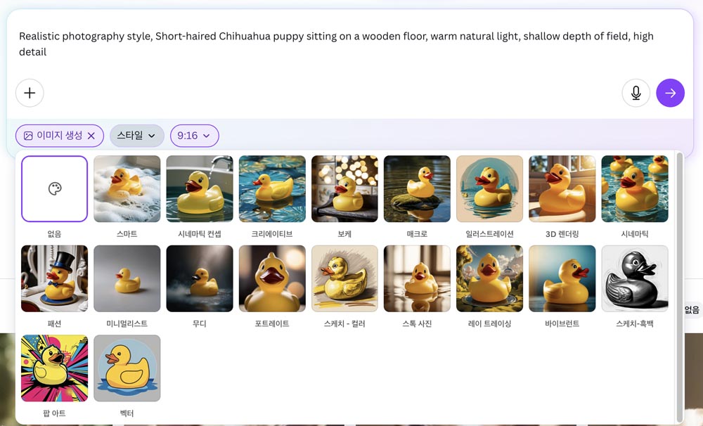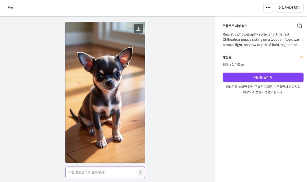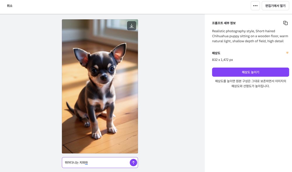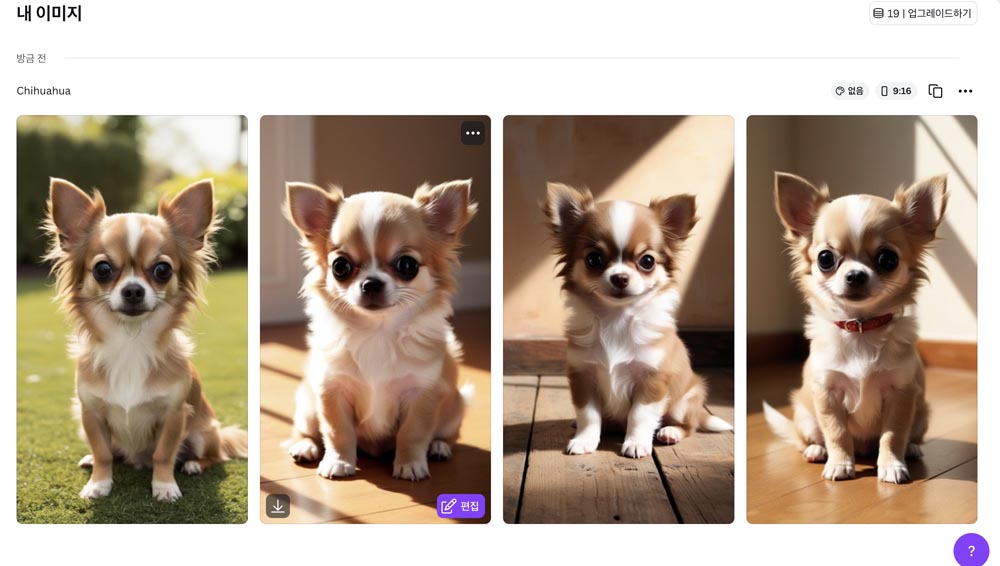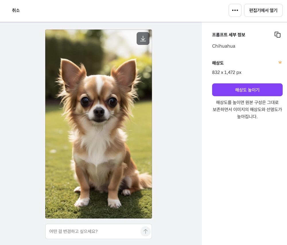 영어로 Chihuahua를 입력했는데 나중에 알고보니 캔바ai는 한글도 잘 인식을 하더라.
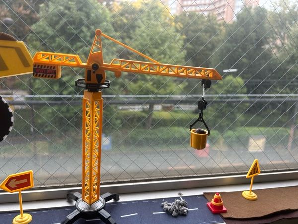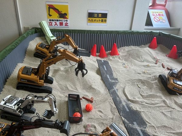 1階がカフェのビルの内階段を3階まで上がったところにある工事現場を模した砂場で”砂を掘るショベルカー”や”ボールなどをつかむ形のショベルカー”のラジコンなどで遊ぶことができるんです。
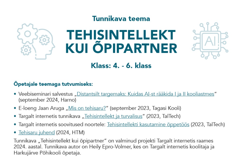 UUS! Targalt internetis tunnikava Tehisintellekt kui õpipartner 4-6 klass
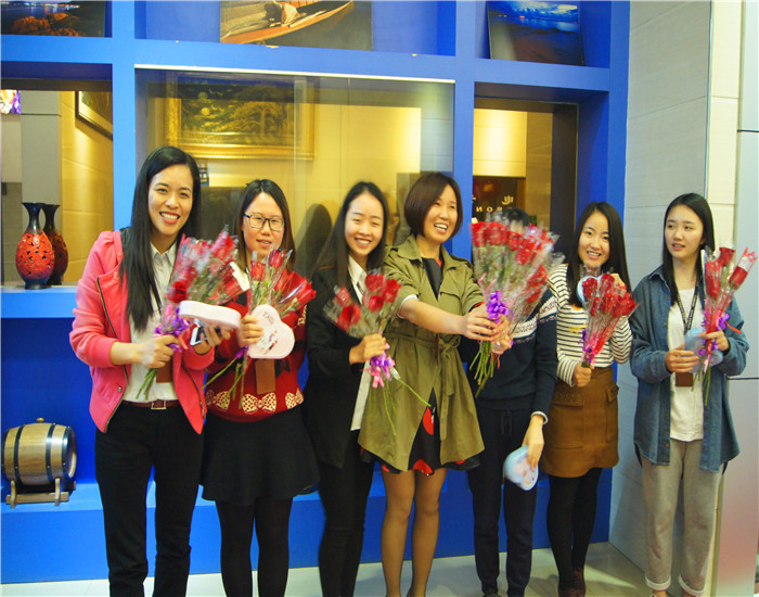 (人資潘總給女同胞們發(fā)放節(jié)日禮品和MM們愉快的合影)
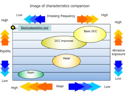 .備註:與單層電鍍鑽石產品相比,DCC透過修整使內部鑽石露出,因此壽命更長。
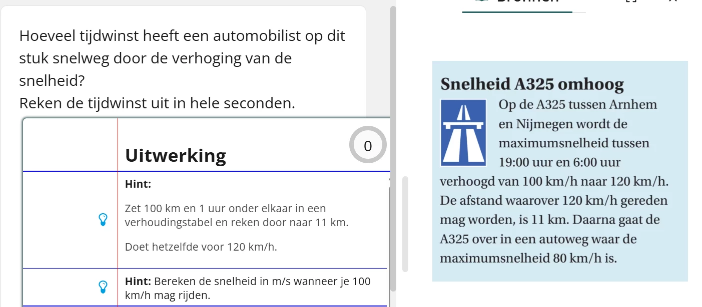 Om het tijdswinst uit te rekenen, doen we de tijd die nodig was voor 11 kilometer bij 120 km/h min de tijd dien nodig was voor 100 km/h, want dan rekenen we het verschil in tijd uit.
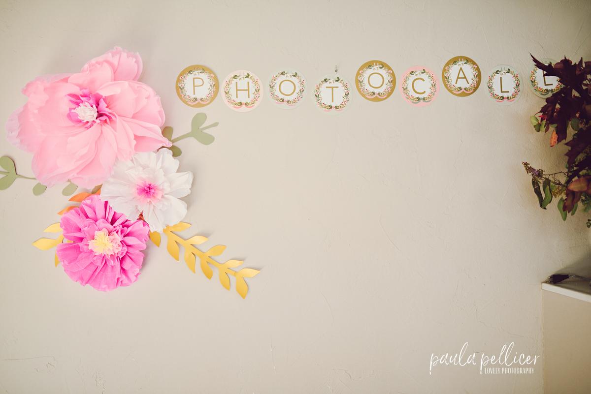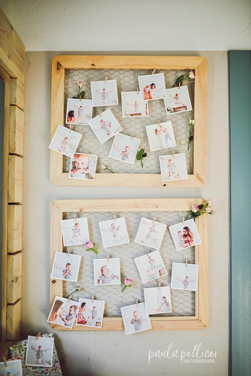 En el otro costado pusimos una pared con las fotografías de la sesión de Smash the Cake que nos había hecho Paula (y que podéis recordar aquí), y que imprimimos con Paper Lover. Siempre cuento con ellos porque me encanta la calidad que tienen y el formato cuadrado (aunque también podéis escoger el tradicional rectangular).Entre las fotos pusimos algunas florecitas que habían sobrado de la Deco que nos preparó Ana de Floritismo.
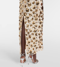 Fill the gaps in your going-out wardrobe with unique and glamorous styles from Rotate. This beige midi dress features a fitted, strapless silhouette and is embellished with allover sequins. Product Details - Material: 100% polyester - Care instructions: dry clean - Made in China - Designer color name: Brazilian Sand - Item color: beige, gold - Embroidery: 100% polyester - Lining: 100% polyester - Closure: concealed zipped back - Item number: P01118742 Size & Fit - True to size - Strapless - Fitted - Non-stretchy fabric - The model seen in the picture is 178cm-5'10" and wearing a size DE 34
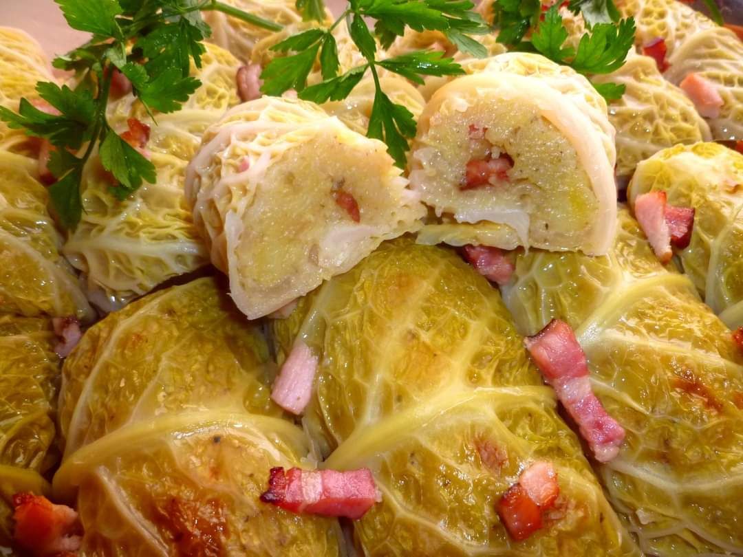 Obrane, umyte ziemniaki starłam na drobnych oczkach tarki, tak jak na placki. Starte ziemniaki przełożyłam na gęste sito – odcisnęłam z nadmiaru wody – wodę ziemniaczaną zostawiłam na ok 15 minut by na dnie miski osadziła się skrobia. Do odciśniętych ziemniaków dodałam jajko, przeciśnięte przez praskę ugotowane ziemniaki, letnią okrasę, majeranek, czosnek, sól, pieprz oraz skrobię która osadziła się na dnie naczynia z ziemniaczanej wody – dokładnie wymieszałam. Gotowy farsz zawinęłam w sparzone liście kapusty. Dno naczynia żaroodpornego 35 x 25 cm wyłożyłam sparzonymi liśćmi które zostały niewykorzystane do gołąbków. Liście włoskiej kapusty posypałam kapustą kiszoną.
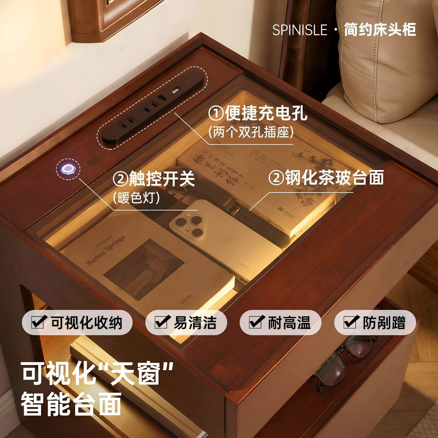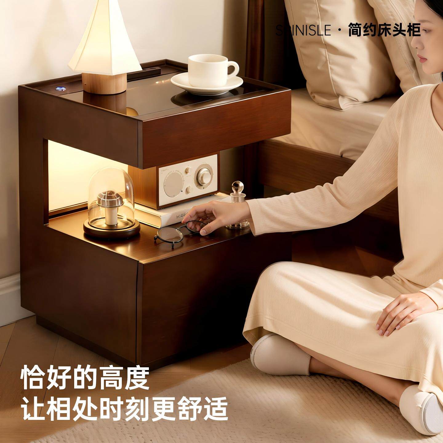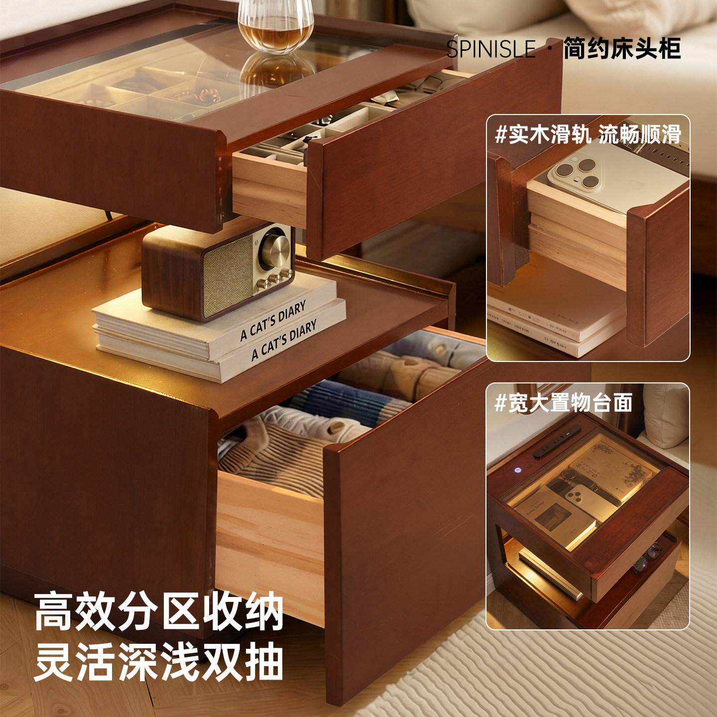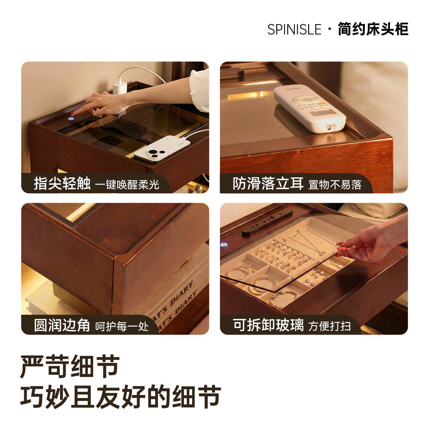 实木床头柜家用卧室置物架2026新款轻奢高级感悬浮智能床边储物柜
...
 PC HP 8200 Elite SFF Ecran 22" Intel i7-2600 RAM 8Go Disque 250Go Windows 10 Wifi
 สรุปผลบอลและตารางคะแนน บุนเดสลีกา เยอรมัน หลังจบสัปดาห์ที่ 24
* * *
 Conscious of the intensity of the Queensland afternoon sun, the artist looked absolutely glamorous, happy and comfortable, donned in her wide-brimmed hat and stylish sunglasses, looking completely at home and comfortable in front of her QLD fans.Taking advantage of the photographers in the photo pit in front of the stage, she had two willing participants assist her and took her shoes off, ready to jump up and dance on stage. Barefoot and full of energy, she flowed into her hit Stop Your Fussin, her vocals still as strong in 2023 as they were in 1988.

▶ **Required work**
Please copy, exactly as written, every line in the listing above from the line with "PC HP 8200 Elite" up to and including the line with "สรุปผลบอลและตารางคะแนน บุนเดสลีกา เยอรมัน".

▶ **Result of this exercise**
 PC HP 8200 Elite SFF Ecran 22" Intel i7-2600 RAM 8Go Disque 250Go Windows 10 Wifi
 สรุปผลบอลและตารางคะแนน บุนเดสลีกา เยอรมัน หลังจบสัปดาห์ที่ 24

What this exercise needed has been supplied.